NTEU Leader Calls for Implementation Of Proposals for Additional IRS Funding

Press Release January 10, 2007

Washington, D.C.—The leader of the union representing Internal Revenue Service (IRS) employees today welcomed recognition by the National Taxpayer Advocate (NTA) of the unique status of the IRS as the revenue-generator for the federal government, and called for implementation of NTA recommendations that would result in additional resources for the agency.

The recommendations—involving not only changes in government budgeting processes but in the mind-set that the IRS is a classic government spending program—were made as part of yesterday’s annual report to Congress by Taxpayer Advocate Nina Olson.

President Colleen M. Kelley of the National Treasury Employees Union (NTEU), who earlier this month said additional IRS staffing is key to cutting the multi-billion-dollar gap between taxes owed and taxes paid, said the Olson recommendations “make good sense for our nation, and deserve a full hearing and analysis by the Congress.” Additional resources for the IRS “would benefit virtually every federal agency and every American,” she added.

“Underfunding the IRS leaves billions of dollars on the table and gives rise to bad policy decisions like privatizing the tax collection work of the IRS,” said President Kelley. The administration should immediately move to ask Congress for additional funds for the IRS for Fiscal Year 2007 and 2008 budgets.

Taxpayer Advocate Olson said the IRS occupies the position of the federal government’s accounts receivable department, and as such should be funded in accordance with a focus on its ability to produce what she called “a substantially positive return” on the funding it receives.

More funding for the IRS, within reasonable limits, Olson said, “should produce the opposite effect of more funding for most (government) programs—more resources for the IRS should reduce the federal deficit.”

It is clear, she added, that the IRS suffers from a ‘resources gap’ which serves as a significant impediment to its ability to close the tax gap and thus to reduce the budget deficit. The tax collection gap presently is put at some $345 billion a year, and is continuing to grow.
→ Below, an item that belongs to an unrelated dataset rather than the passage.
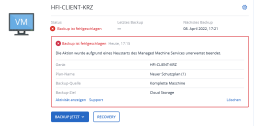 Falls Sie eine Fehlermeldung wie unten im Bild angezeigt erhalten, bitten wir Sie das Gerät neu zu starten und das Backup erneut zu starten.

The IRS has to compete, dollar-for-dollar, against other federal programs for resources—a procedure she said that “makes little sense.” The Taxpayer Advocate, an independent voice within the IRS, called for “steady, but gradual” annual funding increases for the IRS personnel.

In her statement earlier this month, President Kelley—who has long been an advocate of adequate resources for every federal agency, including the IRS—said NTEU supports a two percent annual net increase in staffing for the IRS over a five-year period to add roughly 1,885 position per year. That would gradually rebuild what Kelley called the “depleted” IRS workforce to pre-1998 levels.

NTEU is the largest independent federal union, representing some 150,000 employees in 30 agencies and departments, including some 94,000 in the IRS.